In the listing of actors in the opening credits is an ending title card honoring the extras reading, "And a large cast of 'HOLLYWOOD EXTRAS' who without expecting credit or mention stand ready day and night to do their best—and who at their best are more than good enough to deserve mention." Keye Luke painted the mural displayed in the casino.

Victor Mature, in a 1941 interview with Duncan Underhill, reported the following exchange with Josef von Sternberg directing him on the set of Shanghai Gesture:

Von Sternberg [yelling]: “You are not a floorwalker in Shanghai’s Macy's. You are a sinister dope, understand, in a nice way. You are an innocent bush-league Mephisto.”

Mature: “What is a bush-league Mephisto? I don’t get it.”

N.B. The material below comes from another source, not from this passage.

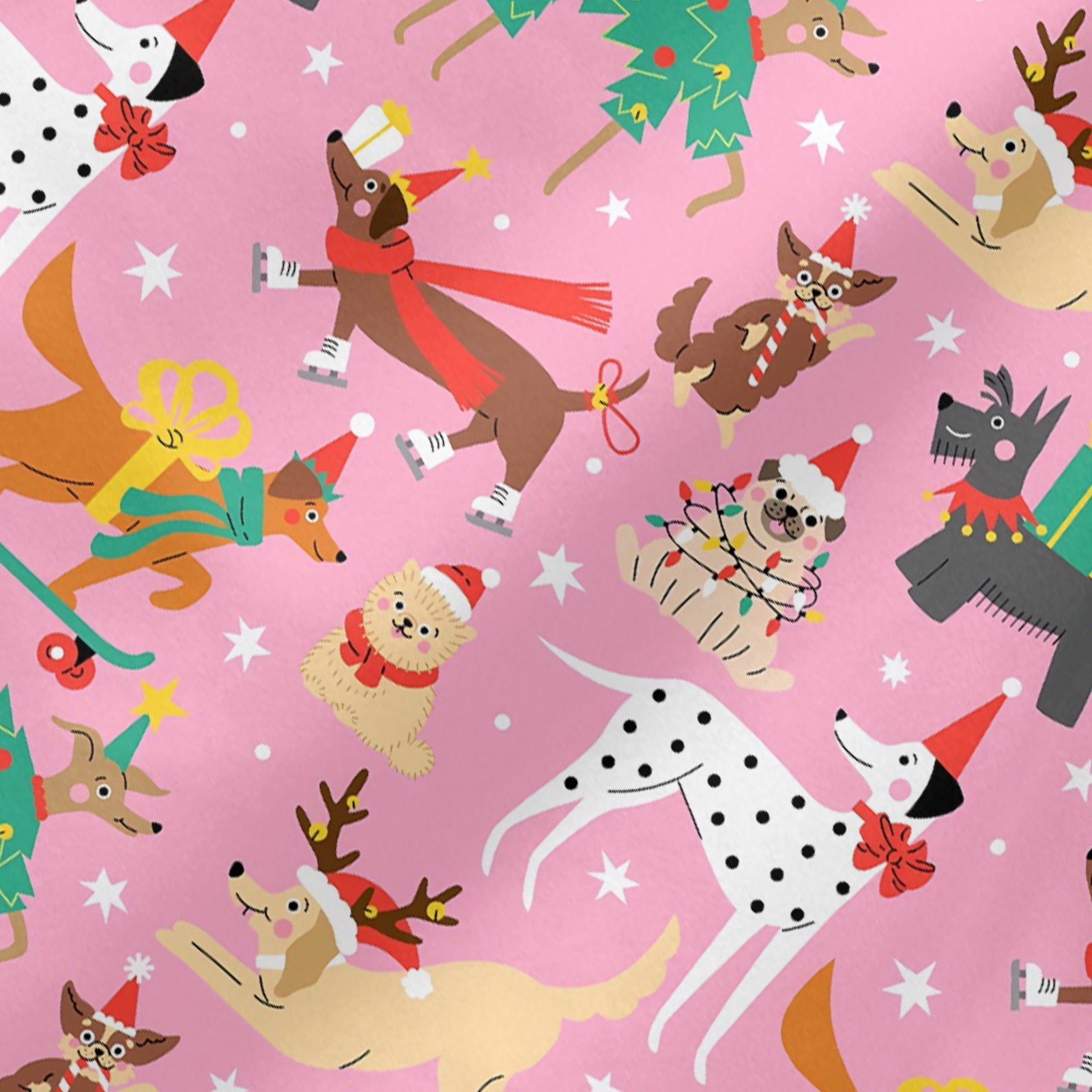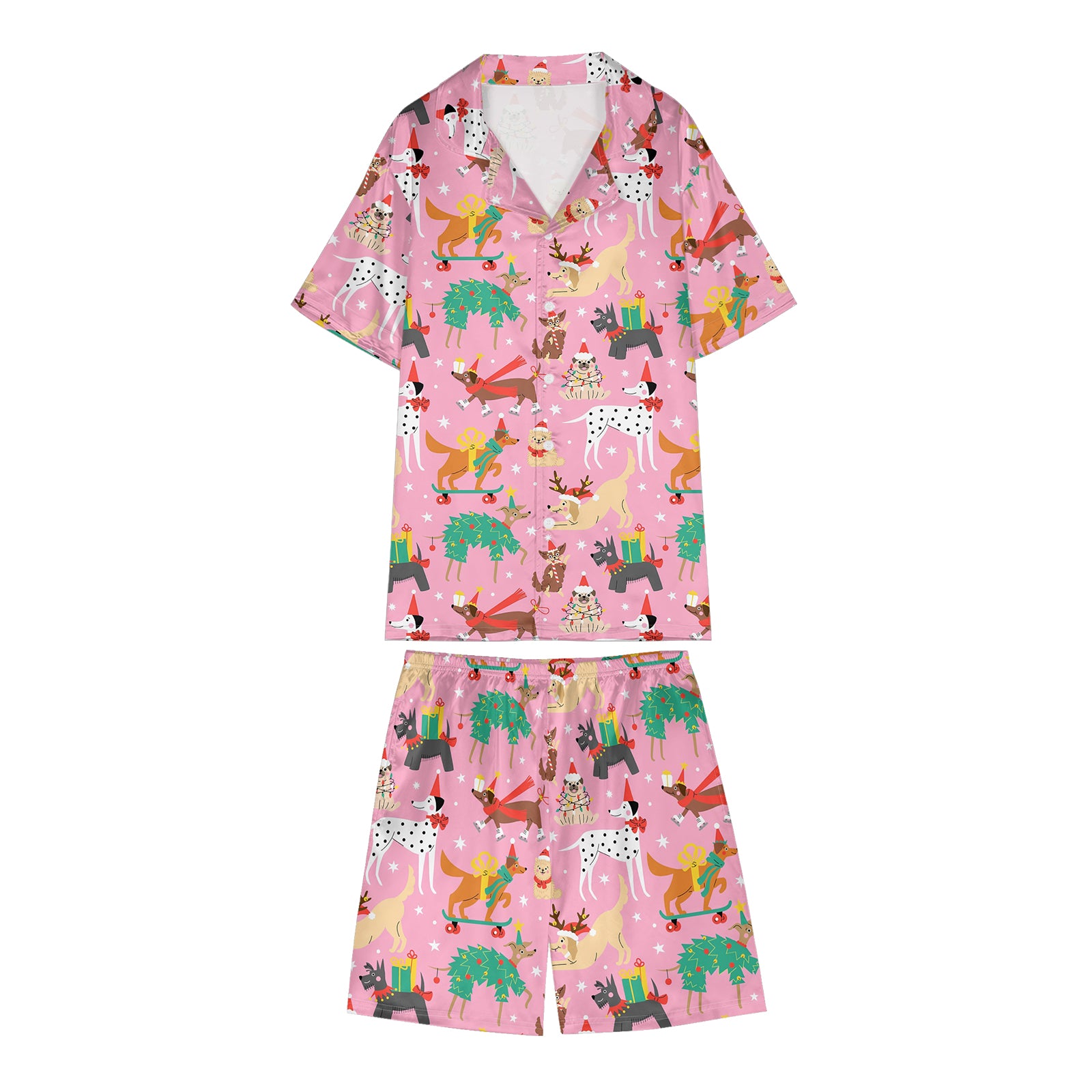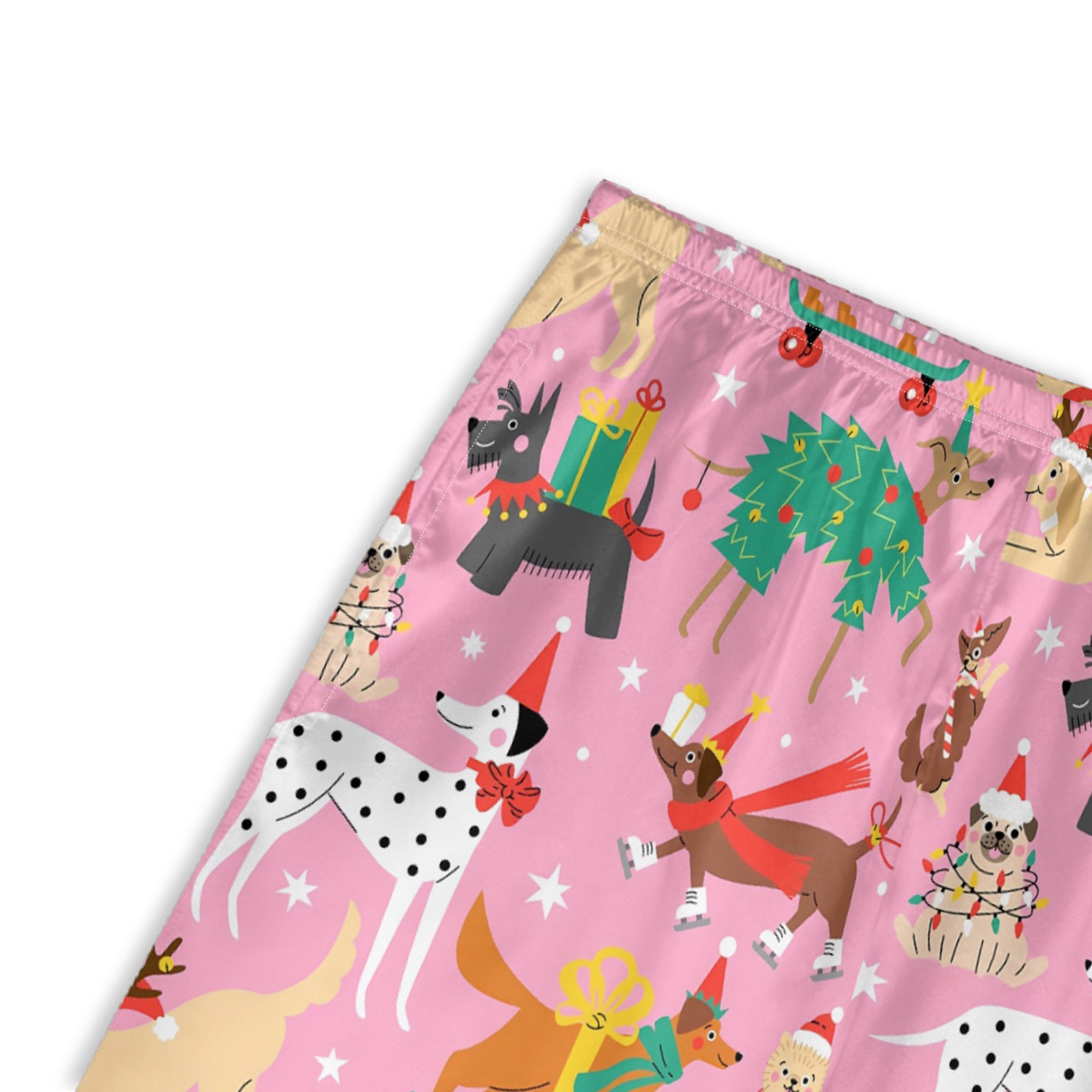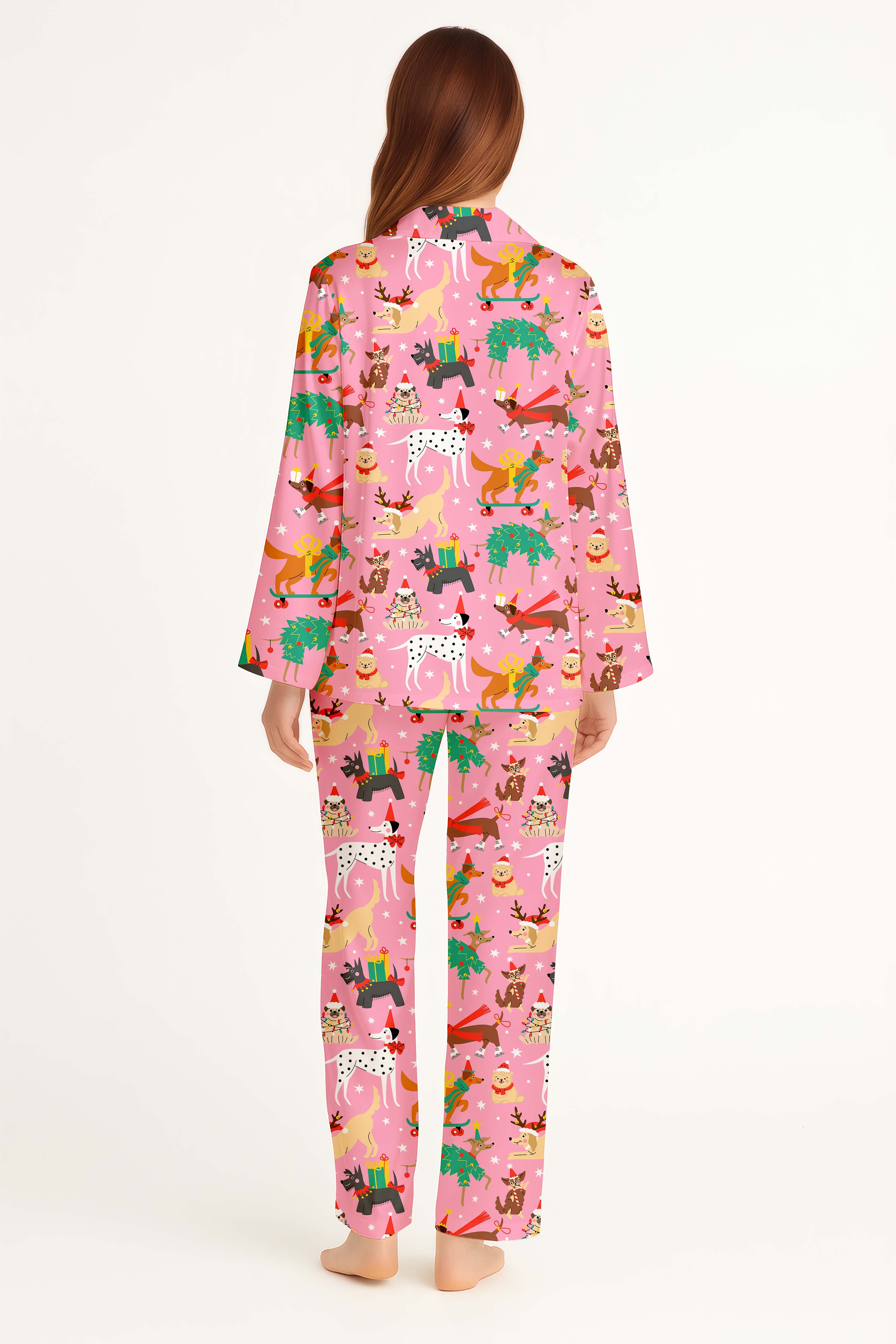 Christmas Dogs In Holiday Satin Pajama Set For Women

Von Sternberg [barking]: “I am.”

Von Sternberg in his 1965 autobiography declared that the film “launched Gene Tierney and Victor Mature as stellar attractions. It also contained the superlative talents of Walter Huston, Albert Bassermann and Ona Munson.”

==Reception==
Variety described it as "a rather dull and hazy drama of the Orient." "Victor Mature, as the matter-of-fact Arab despoiler of Tierney’s honor, provides a standout performance. Huston’s abilities are lost in the jumble, while Munson cannot penetrate the mask-like makeup arranged for her characterization."

Oleg Cassini later said "Both Gene and I were hopeful," about the movie. "A prestigious director, a good cast... perhaps this would lead to other opportunities. But the film was an overwrought turkey destroyed by the critics, who gave Gene her first bad reviews. My costumes were not even mentioned in passing."

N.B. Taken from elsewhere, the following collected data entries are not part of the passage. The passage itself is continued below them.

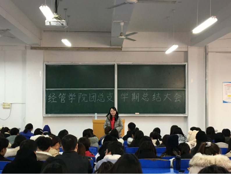 随后,团总支书记聂蕴老师对本学期经管学院团总支学生会的工作进行了总结,对各部门的辛苦付出与工作成绩表示了肯定,同时,也分别对各个部门进行了指导,提出了在未来需要继续改进和完善的地方。聂老师以实际事例举例,让大家明白,作为一名学生干部,需要有正确的自我定位与认知,肯踏实干事,肩负起应有的责任与使命,以“风物长宜放眼量”的心态去做好未来的每一件事,以崭新昂扬的面貌开展新一年的工作。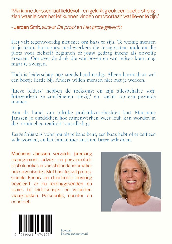 Marianne Janssen laat liefdevol – en gelukkig ook een beetje streng – zien waar leiders het lef kunnen vinden om voortaan wat liever te zijn. - Jeroen Smit, auteur De prooi en Het grote gevecht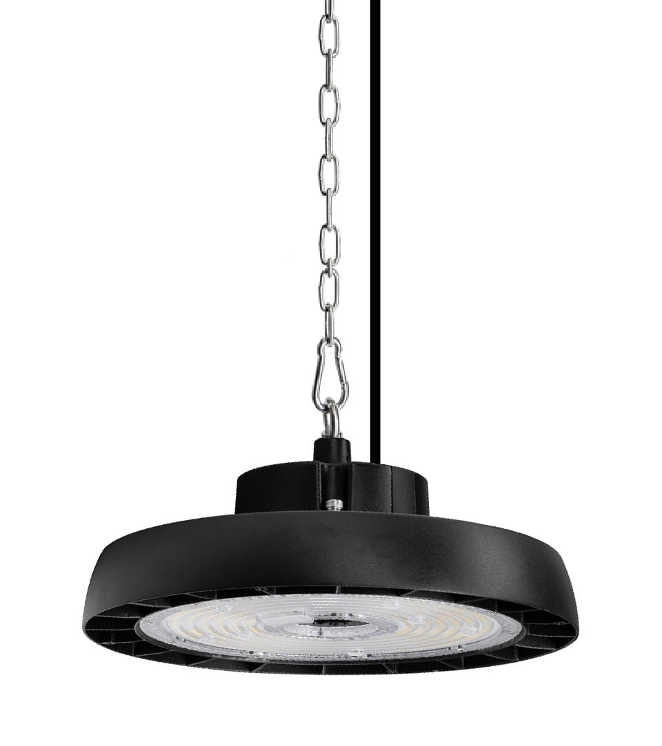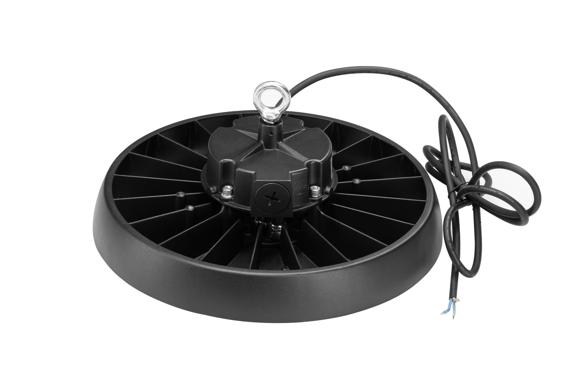 UFO High Bay er en lyssterk armaturserie med opp mot 180lm/W. Kan enten monteres nedhengt med kjetting eller fastmontert til underlaget med festebrakett. Ved montasje med festebrakett, kan den monteres på vegg og i tak, hvor den også kan tiltes.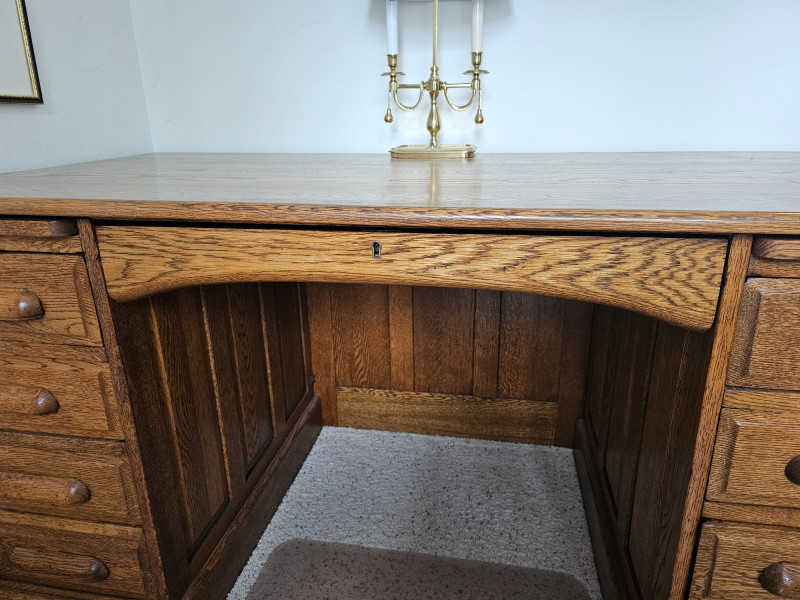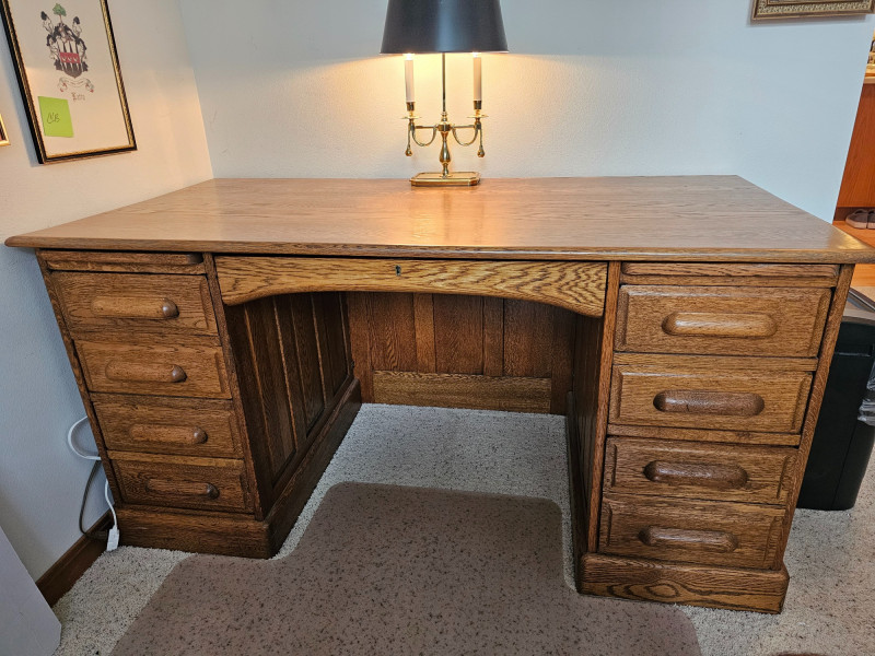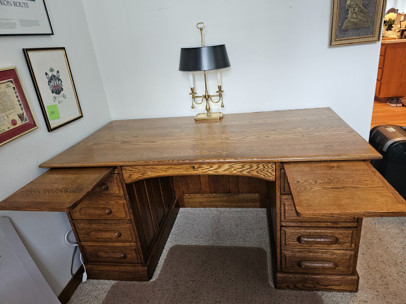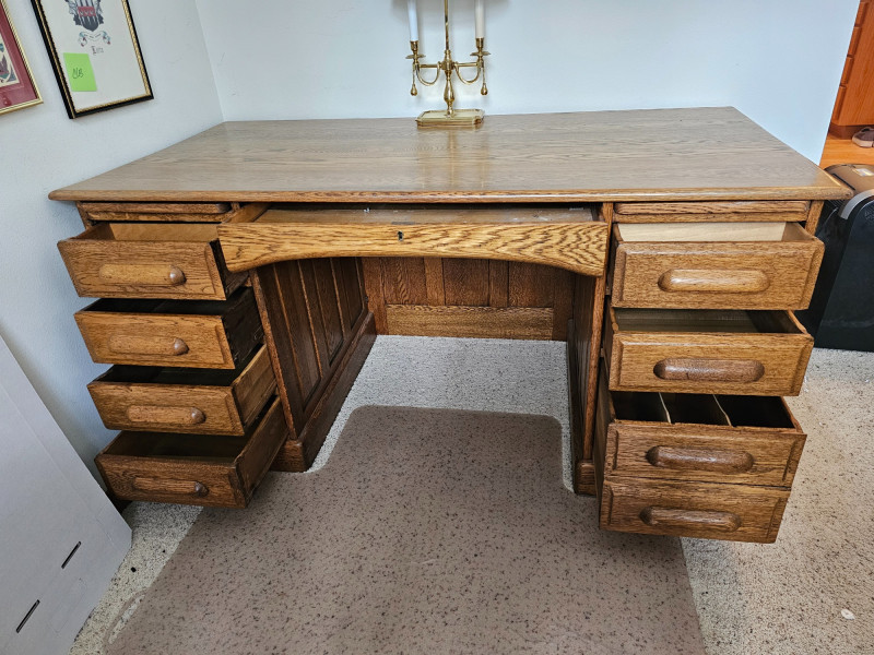 Lot # 264 - Vintage Solid Oak 8-Drawer Desk With 2 Pull Out Writing Surfaces

In 2005, film critic Dennis Schwartz gave the film a positive review, writing, "Josef von Sternberg's (The Scarlet Empress/The Blue Angel/The Devil is a Woman) last great Hollywood film is based on a 1925 play by John Colton that required over 30 revisions ordered by the Breen Office censors before it was deemed acceptable. In one unreleased censored version, attributed to writer Jules Furthman, the blemished noirish character named Mother Gin Sling is instead named Mother Goddamn and runs a brothel instead of a casino. What remains from all the cuts is the surreal baroque setting--a gesture to the descent of mankind into the bowels of the earth--a casino designed like Dante's Inferno. Despite the forced changes, this is still a delirious masterpiece of decadence and sexual depravity that surrounds itself with Eastern motifs that are meant to mystify rather than enlighten."

== Sources ==
- Sternberg, Josef von. 1988. Fun in a Chinese Laundry. Mercury House, San Francisco, California. (pbk.)